When a team from a non-BCS conference makes it into one of the five BCS bowls, you want to see that team play an opponent from one of the power conferences.

But now that two non-BCS teams are part of this year’s major bowl games, it’s disappointing that the two programs will be pitted against one another.

The Fiesta Bowl pairing between TCU and Boise State is a major letdown. The two teams played each other in last season’s Poinsettia Bowl (TCU won that game) and there’s no opportunity for an epic upset.

You know, like Boise State’s incredible victory over Oklahoma in the Fiesta Bowl three years ago and Utah’s annihilation of Alabama in last season’s Sugar Bowl.

I would have preferred seeing TCU play Florida in the Sugar Bowl — I can tell you Urban Meyer and the Gators wanted no part of the Horned Frogs — and Boise State drawing Iowa as its Fiesta Bowl opponent.

The Fiesta Bowl matchup already has drawn the label of “BCS Buster Bowl.” Not sure if that is a compliment or not. Kind of gives the connotation that the two schools are undeserving party crashers when the truth is that both teams are very much worthy of the big stage.

TCU (12-0) has one of the top defenses in the country (led by defensive lineman Jerry Hughes) and a great coach in Gary Patterson. Boise State is known for its offense under coach Chris Petersen and quarterback Kellen Moore is the nation’s most efficient passer.

I’m glad to see both teams among the 10 teams playing in BCS bowls. I just didn’t want to see them play each other.

The other BCS matchups are as follows: National title game — Alabama vs. Texas; Sugar Bowl — Florida vs. Cincinnati; Rose Bowl — Oregon vs. Ohio State and Orange Bowl — Georgia Tech vs. Iowa.

Thought the Holiday Bowl has a good matchup with Arizona playing Nebraska — the Cornhuskers feature the nation’s best defensive player in dominating defensive tackle Ndamunkong Suh. The Poinsettia Bowl pairing of Utah against California is decent.

Some underwhelming matchups include Fresno State vs. Wyoming in the New Mexico Bowl; Ohio University vs. Marshall in the Little Caesars Bowl; South Florida against Northern Illinois in the International Bowl; Middle Tennessee vs. Southern Mississippi in the New Orleans Bowl and Idaho playing Bowling Green in the Humanitarian Bowl.

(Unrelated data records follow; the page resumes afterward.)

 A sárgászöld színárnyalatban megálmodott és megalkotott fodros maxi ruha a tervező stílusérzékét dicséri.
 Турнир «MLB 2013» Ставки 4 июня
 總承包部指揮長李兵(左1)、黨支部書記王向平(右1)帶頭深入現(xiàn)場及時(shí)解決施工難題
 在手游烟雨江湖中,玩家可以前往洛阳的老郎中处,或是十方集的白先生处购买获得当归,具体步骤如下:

Idaho and Bowling Green would be a boring early-season game that nobody cared about and it rates as an insufferable pairing for a bowl game. If that’s the best you can do for a bowl matchup, perhaps there needs to be an examination of why there even is a Humanitarian Bowl.

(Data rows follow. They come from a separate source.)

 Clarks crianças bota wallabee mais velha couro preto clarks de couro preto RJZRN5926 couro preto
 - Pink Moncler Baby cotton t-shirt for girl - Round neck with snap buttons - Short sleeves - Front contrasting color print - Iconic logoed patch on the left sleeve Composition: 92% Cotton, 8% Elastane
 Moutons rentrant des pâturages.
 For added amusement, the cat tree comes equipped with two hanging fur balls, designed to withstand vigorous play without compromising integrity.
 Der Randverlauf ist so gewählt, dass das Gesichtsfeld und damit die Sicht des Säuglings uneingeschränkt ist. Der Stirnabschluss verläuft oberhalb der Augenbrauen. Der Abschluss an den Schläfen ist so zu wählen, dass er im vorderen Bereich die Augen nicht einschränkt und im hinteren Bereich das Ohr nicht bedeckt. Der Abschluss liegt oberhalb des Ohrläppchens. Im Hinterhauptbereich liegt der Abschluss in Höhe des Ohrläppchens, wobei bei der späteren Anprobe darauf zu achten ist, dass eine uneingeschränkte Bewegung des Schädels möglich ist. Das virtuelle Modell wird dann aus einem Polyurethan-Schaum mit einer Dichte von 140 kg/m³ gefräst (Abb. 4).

Suddenly, the potential Army vs. Temple matchup in the EagleBank Bowl doesn’t sound so bad (UCLA replaces Army as Temple’s opponent if Army loses to Navy on Dec. 12).

There are 34 postseason bowl games, about 10 too many. As for bowls that carry relevance, you can count them on two hands.

The BCS has rendered most bowl games as meaningless and it will remain that way until a playoff finally becomes part of the college football landscape.